16 July 2010

Cranes towered over an empty construction site near the coast of Alicante, Spain, last month. A building boom that had brought changes to Spain's coastline has more recently spread deep into the country's heartland. (Julio Aracil/ Bloomberg News)
MADRID - Every day in Spain more than 7.7 hectares of coast are destroyed by the violent urbanisation which, during the last 10 years, affected shores that in the past were well preserved, such as the ones in Cantabria, in Asturias or in Galicia. This is what Greenpeace has revealed in the report presented today.
According to the ecological association, 44% of the Spanish population live on the coast, which represents only 7% of the national territory. The result is a massive exploitation of Spanish shores and an ''attack on the last virgin spots'' that doesn't seem to stop. From 1987 to 2005, 50,504 hectares of land included in the first two kilometres of coast had been destroyed, the report says. And this figure doesn't count the Canary Islands.
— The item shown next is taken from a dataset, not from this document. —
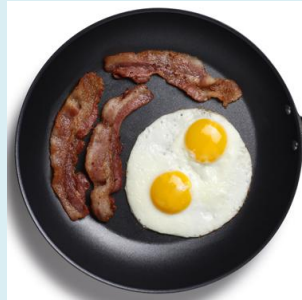
Le déjeuner, entre midi et 1h30 :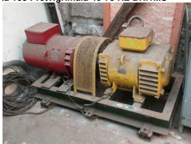
Ad 163 Pretv.gr.mala 40-75 HZ BR.1MS

''We all know that the attack on the coast has been uncontrollable in the past few years and that the destruction is going on, while politicians are trying to cancel the Coastal Law, the only law that protects the shores'', commented Greenpeace Spain's Head, Juan Lopez de Urialde. According to Greenpeace, in the last decade a massive urbanisation, similar to the one of the 1960s, took place.
''Today, we suffer from environmental repercussions and from the economic crisis, but politicians don't seem to have noted the causes of these problems.''
Source: ANSAmed.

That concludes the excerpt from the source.